* _Records shown_:
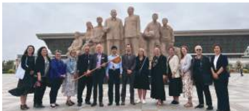
The sculpture of Rewi Alley and George Hogg outside Shandan Bailie Vocational College

A visit to Shandan No1 Middle School provides another opportunity for a Sister School in Selwyn.
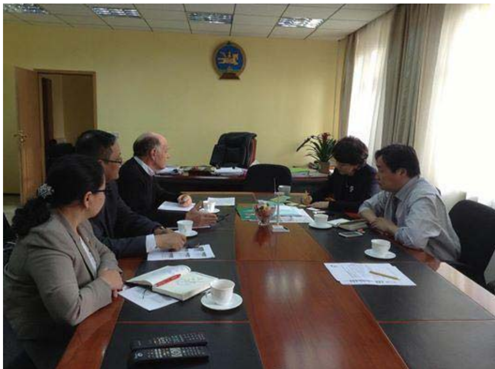
The WRG representative and the State secretary of MGDE
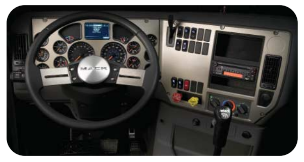
Brushed Nickel Dashboard Available in Pedigree and Champion Trims
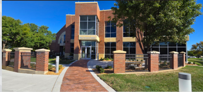
MARCUS WELCOME CENTER
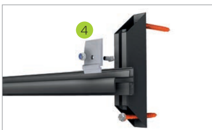
Few components - simple and fast installation
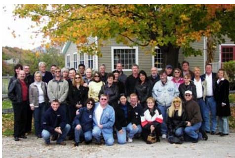
Members Gather For a Photo Outside the Inn at Willow Pond.
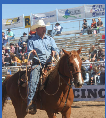
STOCK SHOWS & RODEOS
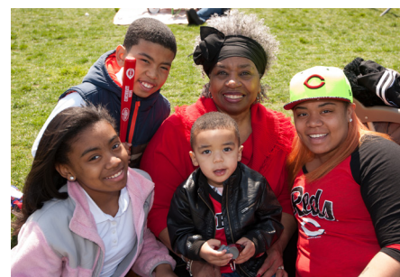
REDS OPENING DAY IN WASHINGTON PARK

With each passing year, Washington Park's popularity and recognition as a regional destination continues to grow. To keep up with that growth, 3CDC continues to add new programs and amenities each year, and our generous sponsors continue to support these efforts through commitments of time, effort, and capital.
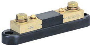
50mV Shunts Portable 150 amp Catalog No. 06714

Leads for these shunts are 5 feet long and are rated at 0.065 ohms resistance. Shunts with a 100 amp rating and below can be certified to NIST standards.
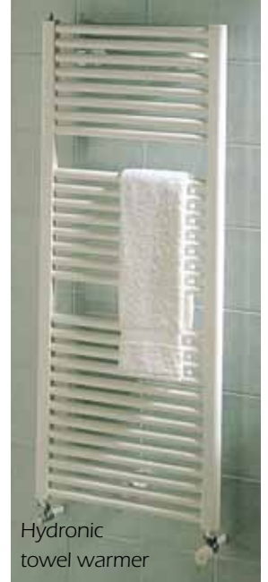
Hydronic towel warmer

An additional advantage of towel warmers is that they generate heat, so they can easily keep a bathroom warm, according to Pat Kahnert of Marathon Intl., which offers the BAXI line of towel warmers. The different sizes available allow for enough heat output for the towel warmer to be used either as a supplemental heater or as the sole source of heat for that room.
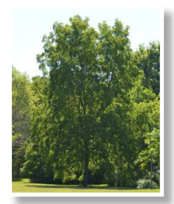
Black Walnut Juglans nigra 50-75' tall; 30-50' wide full sun, alkaline, moist, well-drained soils
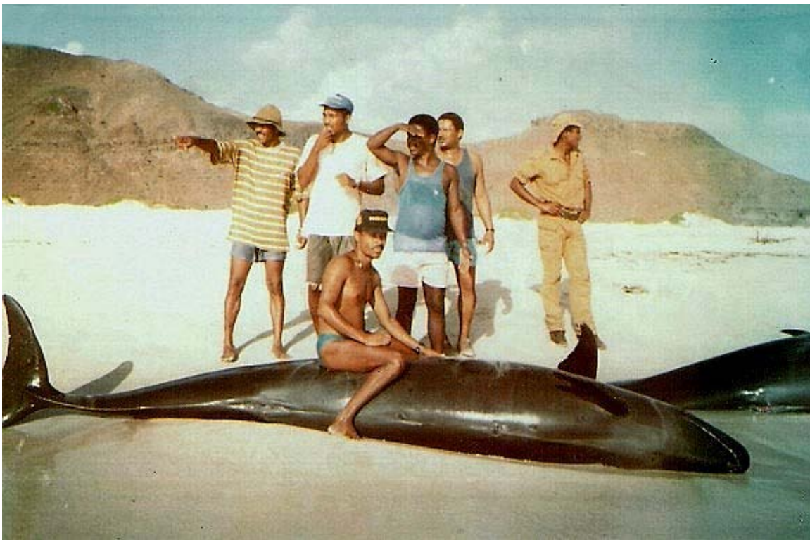
Fig. 12. False killer whale Pseudorca crassidens , Praia do Canto, Boavista, ca. 1990.

not be determined anymore, but this was either during the late 1980s or early 1990s. Apparently, all animals died on the beach. A single animal of unknown sex, ca. 2.5-3 m in length, was found at Praia de João Barrosa,
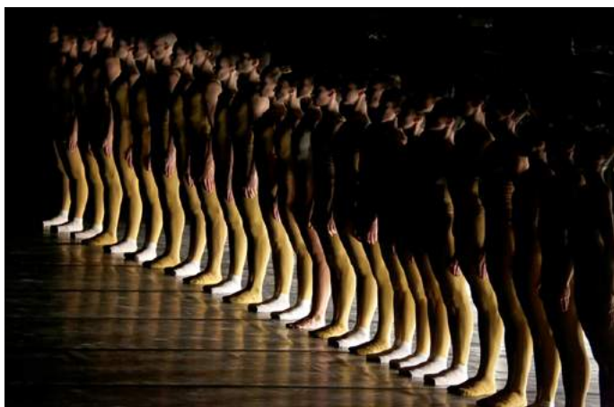
A scene from Artifact Suite .

ballet Petrushka only one act, with the choreography by Edward Clug. Artifact Suite , and Petrushka are at the Bolshoi in Moscow until this weekend.”
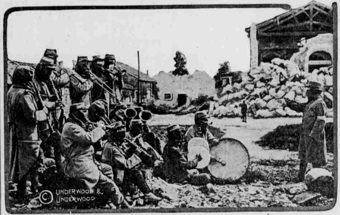
A highly interesting and unusual picture just from the Argonne district. The crown prince has been making attacks along this front in which polson gas was extensively used. Entire regiments go about constantly masked against the deadly fumes, and when during a lull in the fighting the regimental band got together for rehearsal in the ruins of a village they presented this grotesque scene.
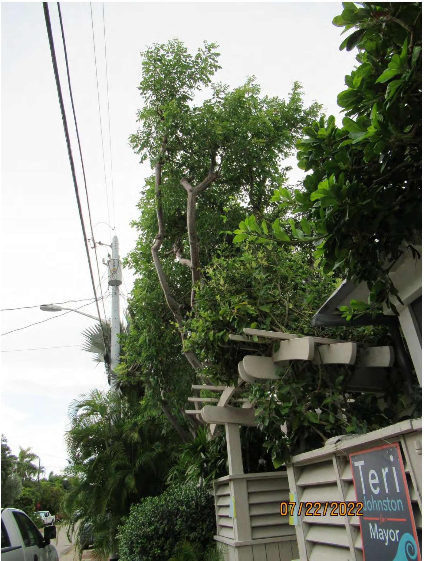
Photo of tree showing location of canopy in relation to utility lines.
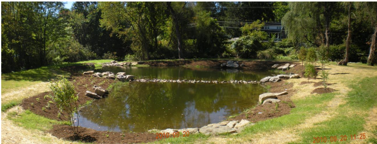
Retrofit at Laguna Road, Lake Carmel, Carmel, New York
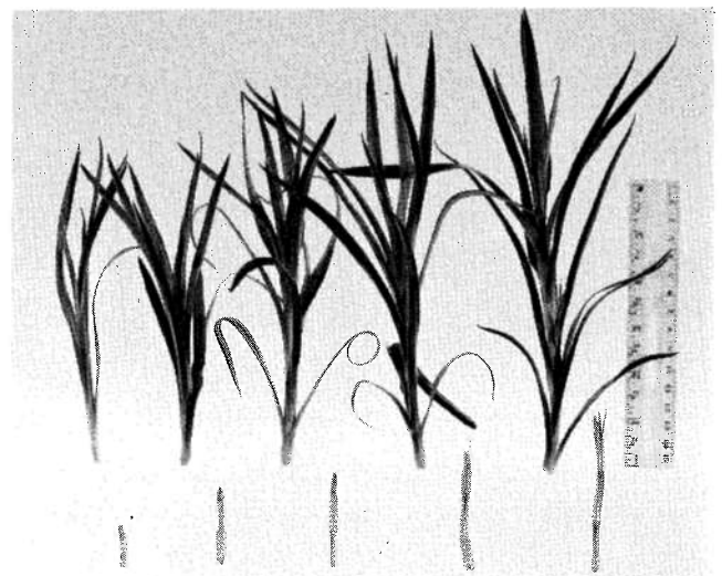
Figure 1--From left to right, cuttings taken from stock plants at 4, 5, 6, 7, and 8 pairs of expanded leaves. Note increasing length of stems and increased growth of axillary shoots as size increases (stripped cuttings below).

Different sized cuttings were selected from White Pikes Peak stock plants. Each cutting was removed at a position allowing 3 pairs of leaves to remain on the stock plant shoot. The cuttings were
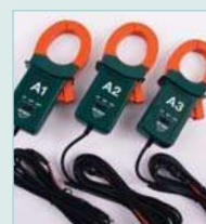
Model PQ34-12 1200A Current Clamp Probes with 2" (50mm) jaw size
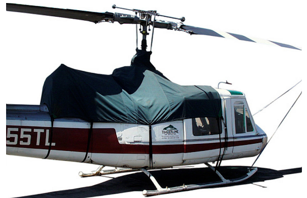
Bell 204/205 Engine/Mid-Cabin Cover
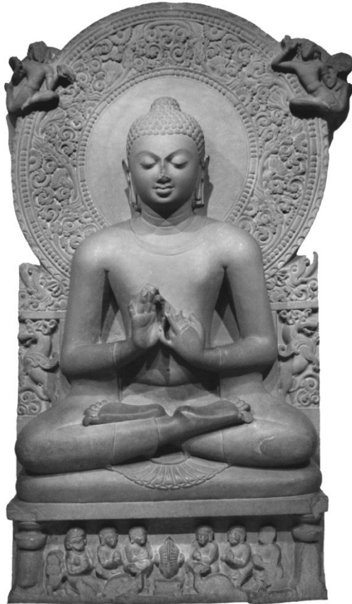
Figure 3.2 Turning the Wheel of Dharma

The relief shows the seated Buddha with his hands in the gesture of setting in motion the wheel of Dharma. Below the Buddha in the centre is the wheel of Dharma, with an antelope on each side, reflecting the location of the first sermon at the Mṛgadāva. The wheel is surrounded by the first five disciples, who listen with respectfully raised hands.
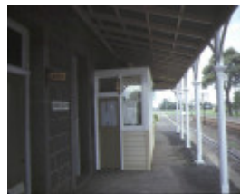
bannockburn railway station platform view aug1984
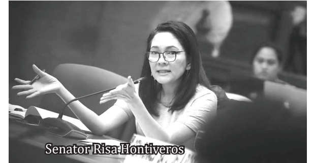
Senator Risa Hontiveros

The Senator said the Expanded Solo Parents Welfare Act or SB1411 is even more relevant now, given the amplification of unique hardships experienced by solo parents during the pandemic. She said balancing livelihood and childcare for solo parents
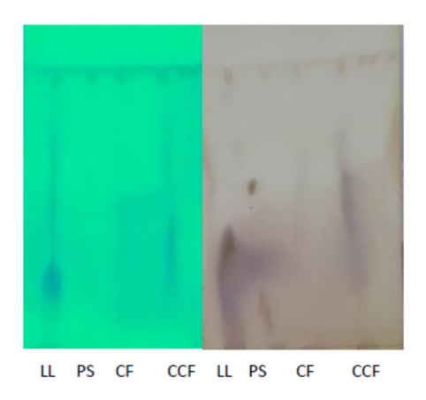
Fig. 3. TLC of laminin layer (LL), protoscolex (PS) and cyst fluid (CF) glycan antigens with condensed crude CF (CCF) antigen as a control. Left image is without staining under UV light and right image is with staining.

hydrate moieties and modulates host immune responses (42).
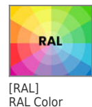
[RAL] RAL Color
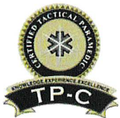
TROY GORLOTT NREMT-P TP-C PUBLIC SAFETY SUPERVISOR TOWN OF DAUPHIN ISLAND " ALWAYS READY "

As of March 1 the rip current flags at our beaches are being flown and conditions monitored. Daily updates will be posted on the Public Safety Facebook page as well on the Town of Dauphin Islands App.
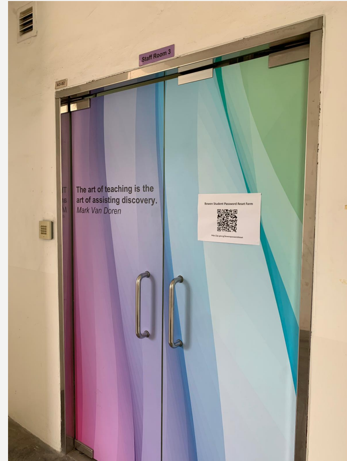
Staff Room 3
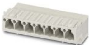
The figure shows the product version VC-AML 7

Contact insert, Contact insert, type: VC4, number of positions: 7, Type of contact: Pin. Connectors may only be connected/disconnected when under no load.
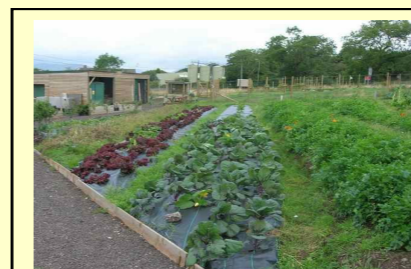
Bute Produce market garden, Argyll Produce goes to local homes and hotels The garden provides local training and employment opportunities
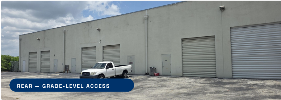
REAR — GRADE-LEVEL ACCESS
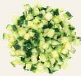
Cucumber Cucumber cubes
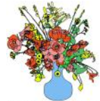
Flowers This Week
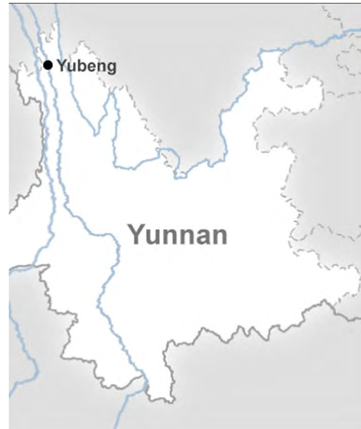
Yubeng, Yunnan
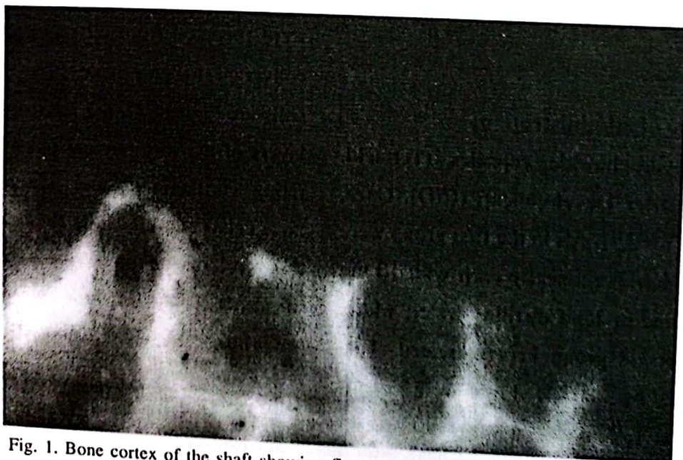
Fig. 1. Bone cortex of the shaft showing fluorescent bands along the lacunar surface, canalicular walls and vascular channels (UV, X 400)

The longer the period of time between termination of tetracycline and sampling, the wider were the bands of unlabelled bone interposed between osteoid seams and the labeled band. Areas of non-specific fluorescence in bone matrix faded 2 days of withdrawal. Formalin solution 10 %, but not freezing, quenched fluorescence by approximately 25 %. Soft tissue, especially the liver and kidneys revealed a faint yellowish fluorescence at the wall of blood vessels one day of withdrawal but not later.

* _What the task requires_:
Would you print exactly the lines in the listing above, from the line bearing "Model PQ34-12 1200A" through the line bearing "Senator Risa Hontiveros", leaving out all pictures?

* _Solution_:
Model PQ34-12 1200A Current Clamp Probes with 2" (50mm) jaw size
Bell 204/205 Engine/Mid-Cabin Cover
Figure 3.2 Turning the Wheel of Dharma

The relief shows the seated Buddha with his hands in the gesture of setting in motion the wheel of Dharma. Below the Buddha in the centre is the wheel of Dharma, with an antelope on each side, reflecting the location of the first sermon at the Mṛgadāva. The wheel is surrounded by the first five disciples, who listen with respectfully raised hands.
bannockburn railway station platform view aug1984
Senator Risa Hontiveros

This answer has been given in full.